### [To do]
Would you transcribe the whole listing exactly and drop its images?
══ Material for this task
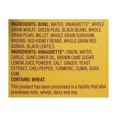 Beans, quinoa & millet medley with wheat berries, peas and raisins with citrus turmeric vinaigrette. Spork included. 12 g plant protein. 12 g protein. High fiber (8 g Total fat per bowl). 100% of the Grain is whole grain. 42 g or more per serving. WholeGrainsCouncil.org. Vegan. Non-GMO project verified. nongmoproject.org. Our delicious lime of globally inspired, ready-to-eat grain & bean protein bowls deliver 12+ grams of protein. Enjoy at home at work, or on-the-go. You can heat and eat or eat as-is. Kosher Inspection Service Certified. tastybite.com. Something on your mind? Comments (at)tastybite.com. please include the code for this product in your email. For more Tasty Bite products. Visit tastybite.com. BPA-free microwavable bowl. Product of India.
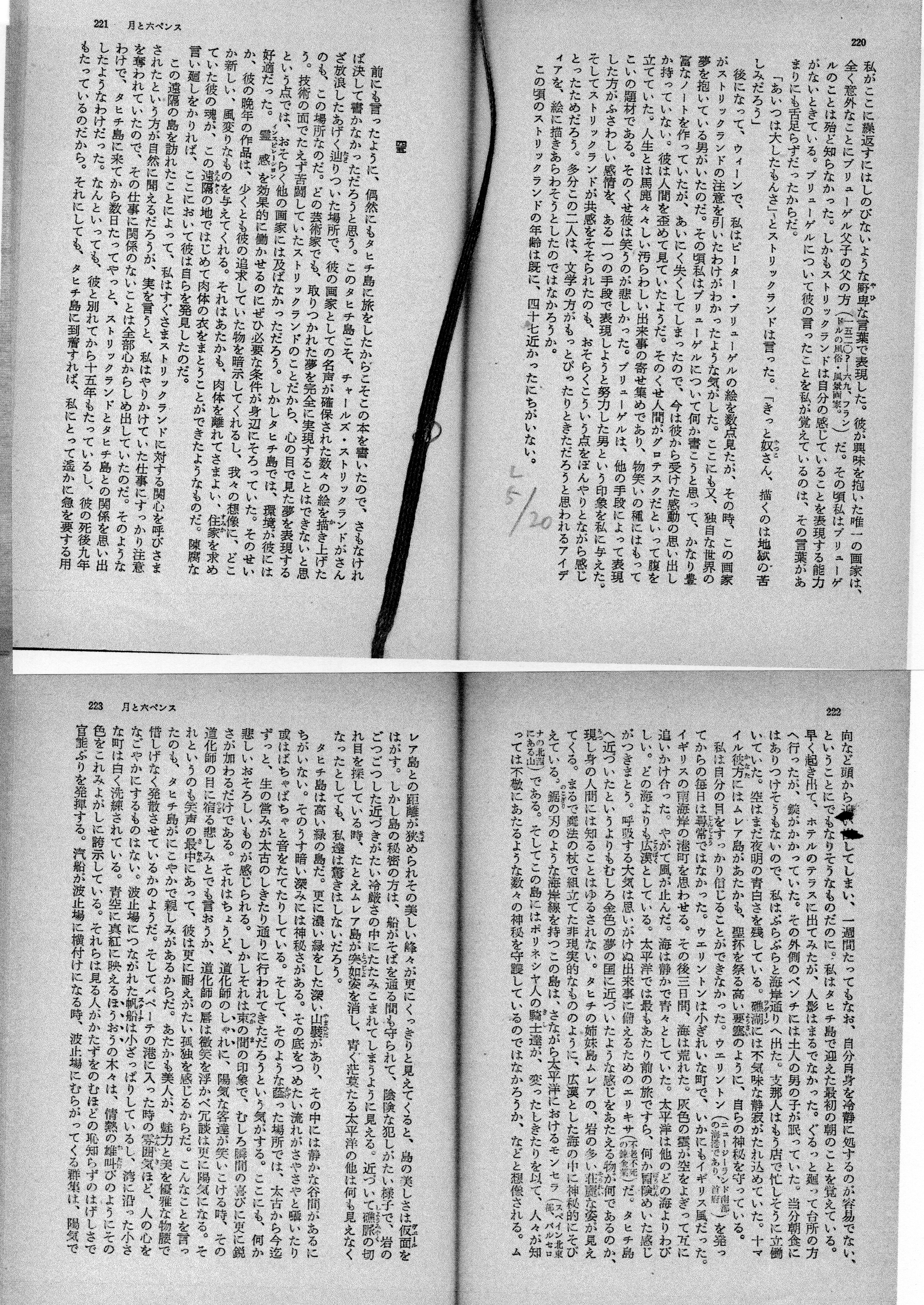 しかしタヒチ島では、環境が彼には好適だった。霊感を効果的に働かせるのにぜひ必要な条件が身辺にそろっていた。それはあたかも、肉体を離れてさまよい、住みかを求めていた彼の魂が、この遠隔の地ではじめて肉体の衣をまとうことができたようなものだ。陳腐な言い廻しをかりれば、ここにおいて自らを発見したのだ。彼とわかれてから15年もたっていた。
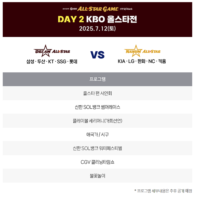 7월 12일날이 전체 10개 구단이 드림팀과 나눔팀으로 나뉘어 경기를 진행하게 됩니다.
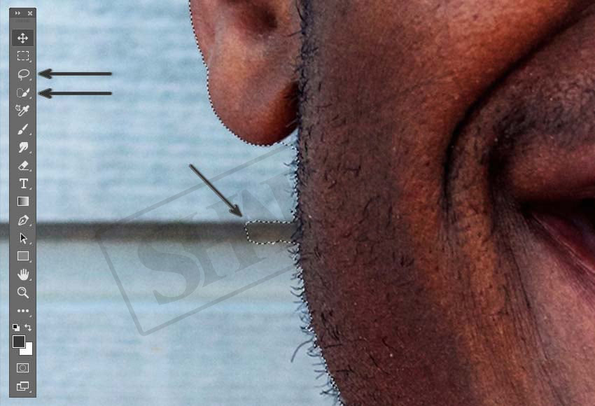 حالا برای اینکه قسمتهای اشتباه را تصحیح کنیم، به Lasso Tool احتیاج داریم که باز هم در نوار ابزار سمت چپ قابل انتخاب است. بعد از انتخاب ابزار، برای اضافه کردن یک قسمت جدید به ناحیۀ انتخابشده، کافیست Shift را نگه دارید و با دکمۀ چپ ماوس شروع به اضافه کردن کنید. همچنین برای حذف یک قسمت از ناحیۀ انتخابشده میتوانید همین کار را ولی با دکمۀ Alt انجام دهید.
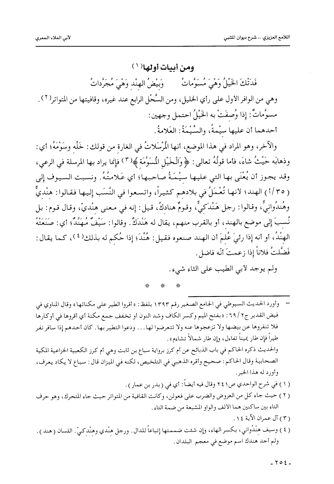 والآخر, وهو المراد في هذا الموضع, أنها المرسلات في الغارة من قولك: خله وسومه؛ أي: وذهابه حيث شاء, فأما قوله تعالى: {والخيل المسومة} فإنما يراد بها المرسلة في الرعي, وقد يجوز أن يعنى بها التي عليها سيمة صاحبها؛ أي علامته. ونسبت السيوف إلى (35/أ) الهند؛ لأنها تعمل في بلادهم كثيرًا, واتسعوا في النسب إليها فقالوا: هندي وهندواني, وقالوا: رجل هندكي, وقوم هنادك, قيل: إنه في معنى هندي, وقال قوم: بل نسب إلى موضع بالهند, أو بالقرب منهم, يقال له هندك. وقالوا: سيف مهند؛ أي: صنعته الهند, أو أنه إذا رئي علم أن الهند صنعوه فقيل: هند؛ إذا حكم له بذلك, كما يقال: فضلت فلانًا إذا زعمت أنه فاضل.
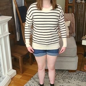 Cynthia Rowley 100% 2-ply cashmere black and white striped sweater size small.
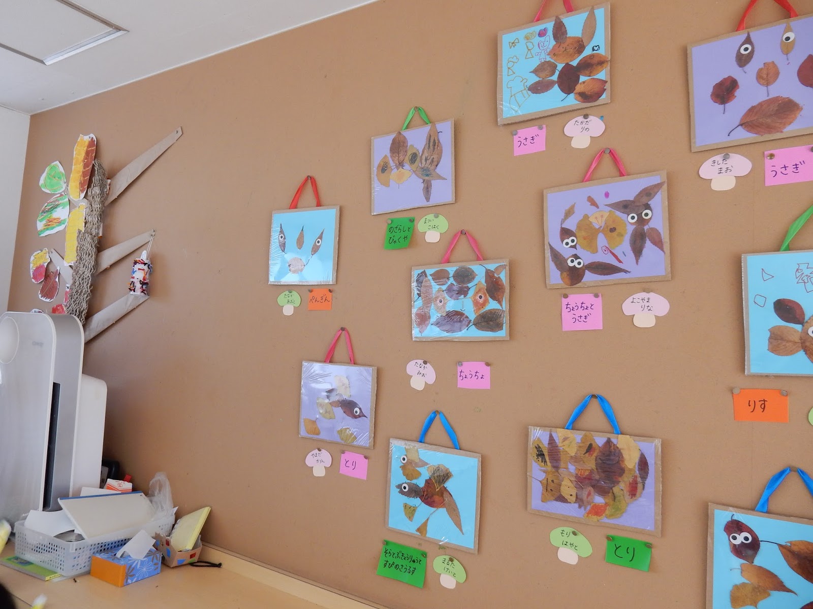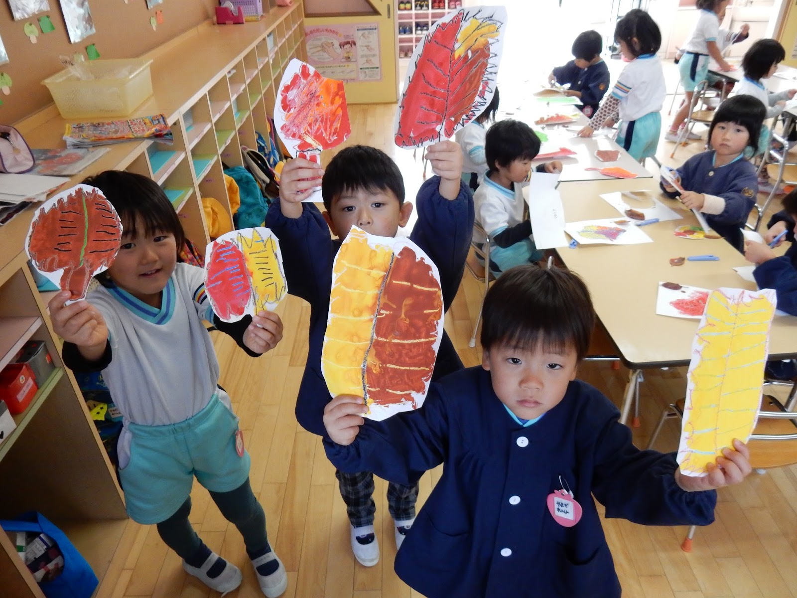 寒さが増し、園庭の紅葉も進みました。こんな制作をしてみました!
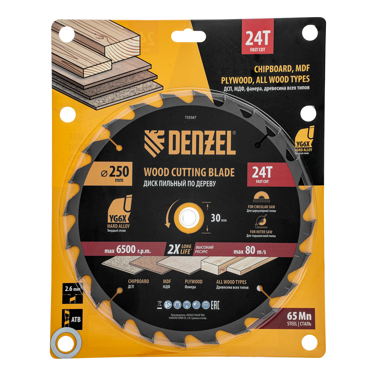Пильный диск Denzel 733567 диаметром 250 x 30 мм, с 24 зубьями, предназначен для продольного и поперечного распила твердой и мягкой древесины, фанеры, МДФ, ДСП. 24 зуба типа ATB с режущими пластинами оптимальной геометрии обеспечивают быстрый рез. Режущие пластины из твердого сплава YG6X сохраняют рабочие свойства при интенсивном использовании. Диск устанавливается на циркулярную, торцовочную пилу или на распиловочный станок. В комплект поставки входит переходное кольцо с 30 на 20 мм, что позволяет изменить посадочный размер и расширяет возможности использования диска.
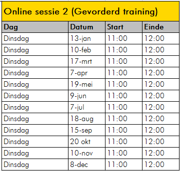 De e-learning volg je thuis in je eigen tijd met één contactmoment voor vragen. De dag op locatie wordt eens per maand gegeven. De eerstvolgende trainingen zijn:
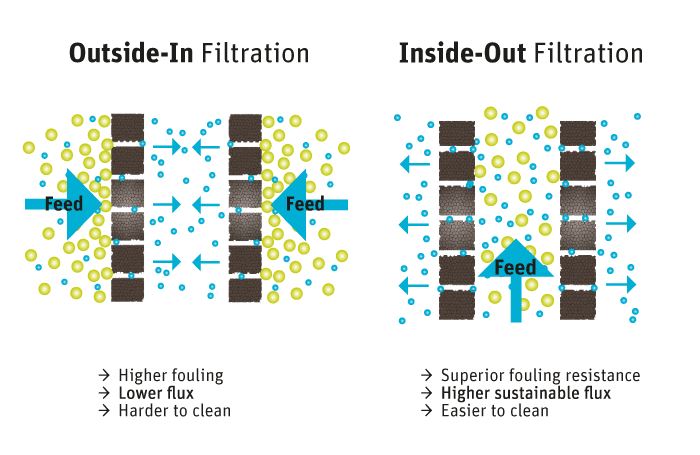 High cross-flow on the membrane´s surface prevents the build-up of particles on the inner surface of the tube, ensuring high flux and prolonged membrane lifetime.
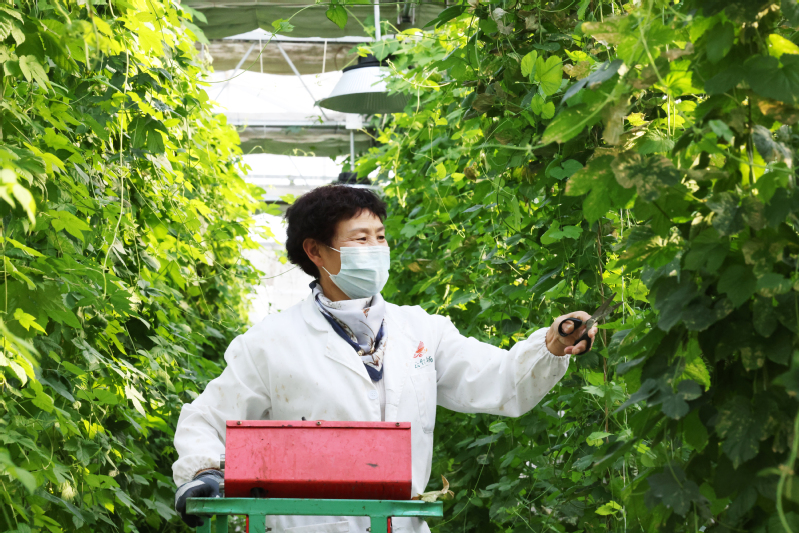 2月17日,云臺(tái)農(nóng)場(chǎng)興墾科技員工在整理啤酒花藤蔓(上圖)。2月17日,云臺(tái)農(nóng)場(chǎng)興墾科技工作人員在整理蝴蝶蘭育苗(下圖)。
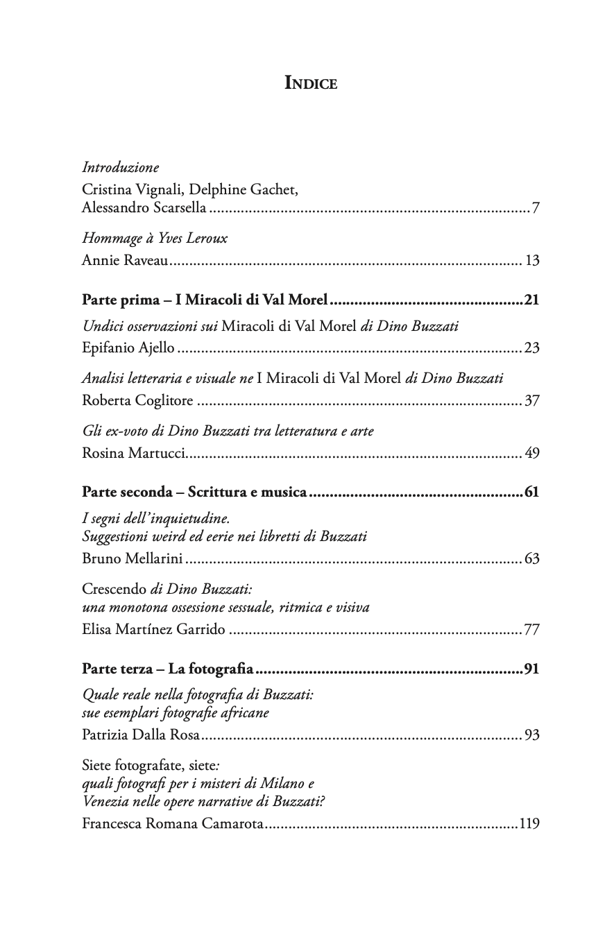 Après le volume Buzzati e il Segno. Narrare il nuovo, avec lequel – à l’occasion du cinquantième anniversaire de la mort de Dino Buzzati – a été entrepris un itinéraire critique consacré à l’expressivité picturale et graphique ainsi qu’à la fusion du mot et de l’image chez Buzzati, ce deuxième volume, Buzzati e il Segno. Scrittura e visività, en plus de se concentrer sur les formes narratives et la culture visuelle d’une œuvre comme I Miracoli di Val Morel, s’ouvre à de nouvelles approches intermédiales, qui voient Buzzati engagé en tant que librettiste d’opéra et auteur de chroniques musicales, en tant que photographe, photoreporter, co-auteur de photo-textes, ou en tant qu’auteur de chroniques d’art et graveur. Le volume permet également d’explorer la dimension urbaine dans l’œuvre de Buzzati ainsi que d’autres espaces et spatialités dans sa production, à travers l’apport des outils de la culture visuelle.
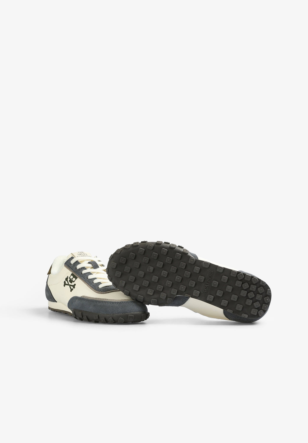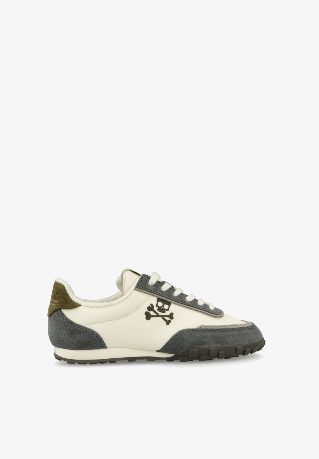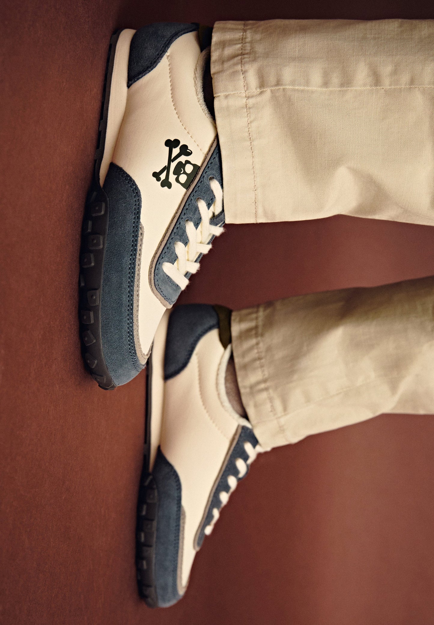 Sneakers confeccionada en nylon con detalles en serraje. Cierre con cordones, suela de goma dentada pronunciada en la parte delantera. Calavera lateral.
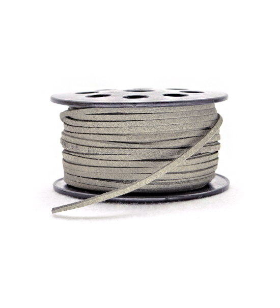 Cordoncino in scamosciato sintetico (70% nylon, 30% poliuretano), dello spessore di 3 mm circa, non tossico, di colore girgio scuro. Disponibile anche in altri colori sulla sezione “prodotti > cordini > cordini in scamosciato del sito.
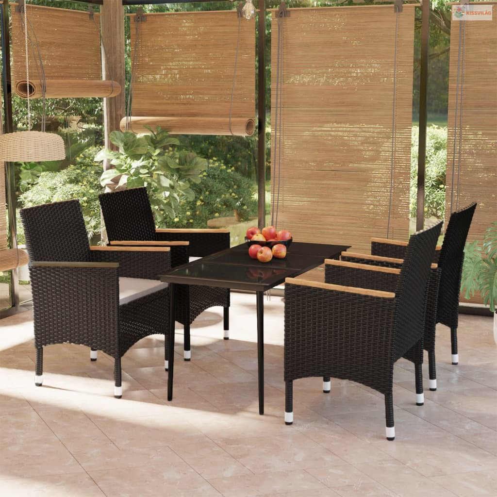 5 részes fekete kerti étkezőgarnitúra párnákkal
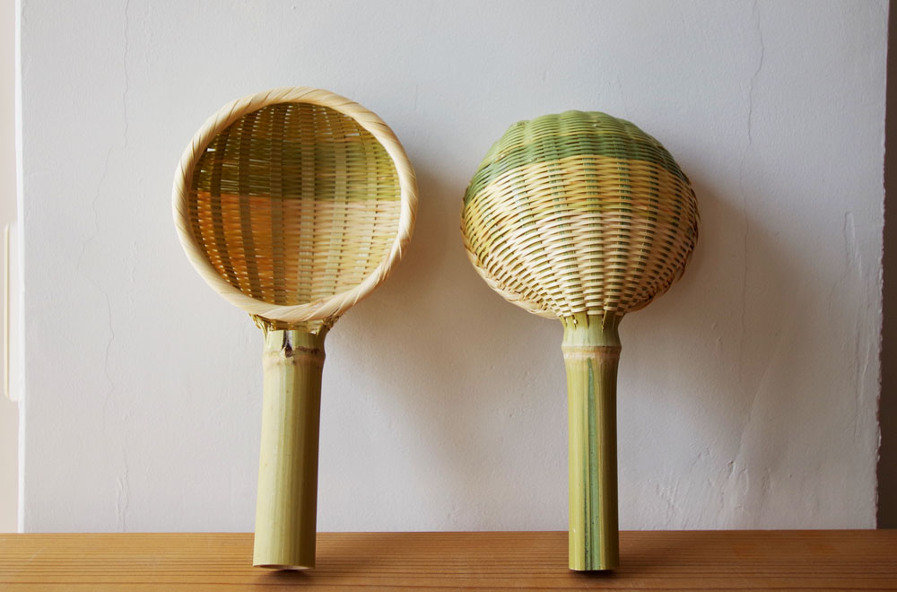 育てる楽しみもある、青竹の「みそ お玉ざる」。名前の通り、みそを溶くときに使うざるのこと。
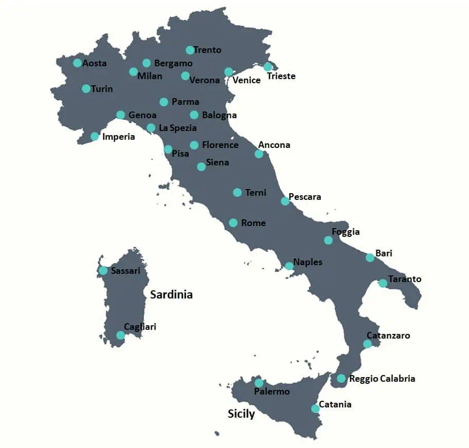 This is not only to see if you would like to visit and tour these cities but also because they will typically be your ports of entry and transportation hubs as you visit them on your trip. To help you with this, I have included a map of some of the key cities within Italy that you will want to become familiar with below.
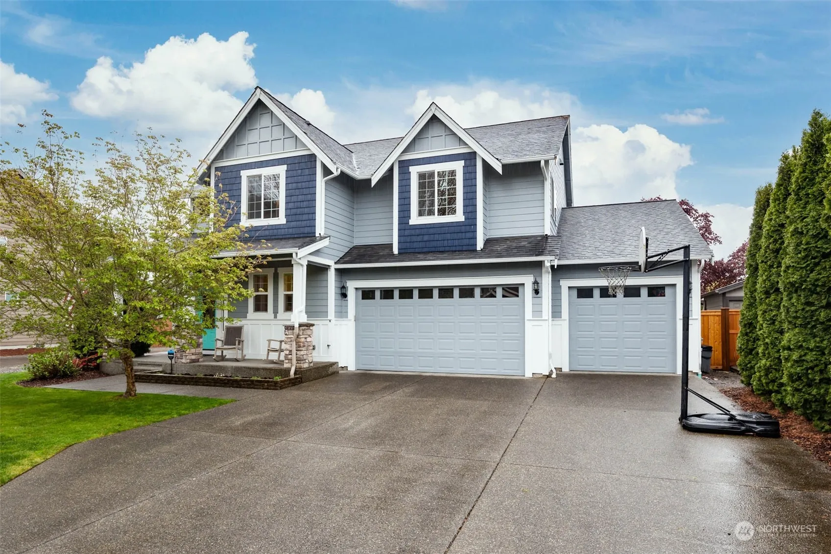 This well-maintained charmer is move-in ready! The covered porch welcomes you into the formal living room boasting hardwood floors & elegant millwork. The generous kitchen features a gas range, butler’s pantry & gorgeous quartz countertops. Dining & family rooms overlook the beautiful low-maintenance landscaping. Entertain on the patio, play on the lush lawn, or relax with the garden beds. Upstairs, the bonus room is a great flex space for home office, gym, playroom, etc. Primary suite is a lovely retreat with 5-piece private bath. Laundry & 3 more bedrooms down the hall. The 4-car garage provides plenty of storage space; tandem bay opens to the back yard. With central A/C in a quiet corner of Sumner but close to town, this is a gem!
════
### [Expected output]
 Beans, quinoa & millet medley with wheat berries, peas and raisins with citrus turmeric vinaigrette. Spork included. 12 g plant protein. 12 g protein. High fiber (8 g Total fat per bowl). 100% of the Grain is whole grain. 42 g or more per serving. WholeGrainsCouncil.org. Vegan. Non-GMO project verified. nongmoproject.org. Our delicious lime of globally inspired, ready-to-eat grain & bean protein bowls deliver 12+ grams of protein. Enjoy at home at work, or on-the-go. You can heat and eat or eat as-is. Kosher Inspection Service Certified. tastybite.com. Something on your mind? Comments (at)tastybite.com. please include the code for this product in your email. For more Tasty Bite products. Visit tastybite.com. BPA-free microwavable bowl. Product of India.
 しかしタヒチ島では、環境が彼には好適だった。霊感を効果的に働かせるのにぜひ必要な条件が身辺にそろっていた。それはあたかも、肉体を離れてさまよい、住みかを求めていた彼の魂が、この遠隔の地ではじめて肉体の衣をまとうことができたようなものだ。陳腐な言い廻しをかりれば、ここにおいて自らを発見したのだ。彼とわかれてから15年もたっていた。
 7월 12일날이 전체 10개 구단이 드림팀과 나눔팀으로 나뉘어 경기를 진행하게 됩니다.
 حالا برای اینکه قسمتهای اشتباه را تصحیح کنیم، به Lasso Tool احتیاج داریم که باز هم در نوار ابزار سمت چپ قابل انتخاب است. بعد از انتخاب ابزار، برای اضافه کردن یک قسمت جدید به ناحیۀ انتخابشده، کافیست Shift را نگه دارید و با دکمۀ چپ ماوس شروع به اضافه کردن کنید. همچنین برای حذف یک قسمت از ناحیۀ انتخابشده میتوانید همین کار را ولی با دکمۀ Alt انجام دهید.
 والآخر, وهو المراد في هذا الموضع, أنها المرسلات في الغارة من قولك: خله وسومه؛ أي: وذهابه حيث شاء, فأما قوله تعالى: {والخيل المسومة} فإنما يراد بها المرسلة في الرعي, وقد يجوز أن يعنى بها التي عليها سيمة صاحبها؛ أي علامته. ونسبت السيوف إلى (35/أ) الهند؛ لأنها تعمل في بلادهم كثيرًا, واتسعوا في النسب إليها فقالوا: هندي وهندواني, وقالوا: رجل هندكي, وقوم هنادك, قيل: إنه في معنى هندي, وقال قوم: بل نسب إلى موضع بالهند, أو بالقرب منهم, يقال له هندك. وقالوا: سيف مهند؛ أي: صنعته الهند, أو أنه إذا رئي علم أن الهند صنعوه فقيل: هند؛ إذا حكم له بذلك, كما يقال: فضلت فلانًا إذا زعمت أنه فاضل.
 Cynthia Rowley 100% 2-ply cashmere black and white striped sweater size small.
 寒さが増し、園庭の紅葉も進みました。こんな制作をしてみました!
Пильный диск Denzel 733567 диаметром 250 x 30 мм, с 24 зубьями, предназначен для продольного и поперечного распила твердой и мягкой древесины, фанеры, МДФ, ДСП. 24 зуба типа ATB с режущими пластинами оптимальной геометрии обеспечивают быстрый рез. Режущие пластины из твердого сплава YG6X сохраняют рабочие свойства при интенсивном использовании. Диск устанавливается на циркулярную, торцовочную пилу или на распиловочный станок. В комплект поставки входит переходное кольцо с 30 на 20 мм, что позволяет изменить посадочный размер и расширяет возможности использования диска.
 De e-learning volg je thuis in je eigen tijd met één contactmoment voor vragen. De dag op locatie wordt eens per maand gegeven. De eerstvolgende trainingen zijn:
 High cross-flow on the membrane´s surface prevents the build-up of particles on the inner surface of the tube, ensuring high flux and prolonged membrane lifetime.
 2月17日,云臺(tái)農(nóng)場(chǎng)興墾科技員工在整理啤酒花藤蔓(上圖)。2月17日,云臺(tái)農(nóng)場(chǎng)興墾科技工作人員在整理蝴蝶蘭育苗(下圖)。
 Après le volume Buzzati e il Segno. Narrare il nuovo, avec lequel – à l’occasion du cinquantième anniversaire de la mort de Dino Buzzati – a été entrepris un itinéraire critique consacré à l’expressivité picturale et graphique ainsi qu’à la fusion du mot et de l’image chez Buzzati, ce deuxième volume, Buzzati e il Segno. Scrittura e visività, en plus de se concentrer sur les formes narratives et la culture visuelle d’une œuvre comme I Miracoli di Val Morel, s’ouvre à de nouvelles approches intermédiales, qui voient Buzzati engagé en tant que librettiste d’opéra et auteur de chroniques musicales, en tant que photographe, photoreporter, co-auteur de photo-textes, ou en tant qu’auteur de chroniques d’art et graveur. Le volume permet également d’explorer la dimension urbaine dans l’œuvre de Buzzati ainsi que d’autres espaces et spatialités dans sa production, à travers l’apport des outils de la culture visuelle.
 Sneakers confeccionada en nylon con detalles en serraje. Cierre con cordones, suela de goma dentada pronunciada en la parte delantera. Calavera lateral.
 Cordoncino in scamosciato sintetico (70% nylon, 30% poliuretano), dello spessore di 3 mm circa, non tossico, di colore girgio scuro. Disponibile anche in altri colori sulla sezione “prodotti > cordini > cordini in scamosciato del sito.
 5 részes fekete kerti étkezőgarnitúra párnákkal
 育てる楽しみもある、青竹の「みそ お玉ざる」。名前の通り、みそを溶くときに使うざるのこと。
 This is not only to see if you would like to visit and tour these cities but also because they will typically be your ports of entry and transportation hubs as you visit them on your trip. To help you with this, I have included a map of some of the key cities within Italy that you will want to become familiar with below.
 This well-maintained charmer is move-in ready! The covered porch welcomes you into the formal living room boasting hardwood floors & elegant millwork. The generous kitchen features a gas range, butler’s pantry & gorgeous quartz countertops. Dining & family rooms overlook the beautiful low-maintenance landscaping. Entertain on the patio, play on the lush lawn, or relax with the garden beds. Upstairs, the bonus room is a great flex space for home office, gym, playroom, etc. Primary suite is a lovely retreat with 5-piece private bath. Laundry & 3 more bedrooms down the hall. The 4-car garage provides plenty of storage space; tandem bay opens to the back yard. With central A/C in a quiet corner of Sumner but close to town, this is a gem!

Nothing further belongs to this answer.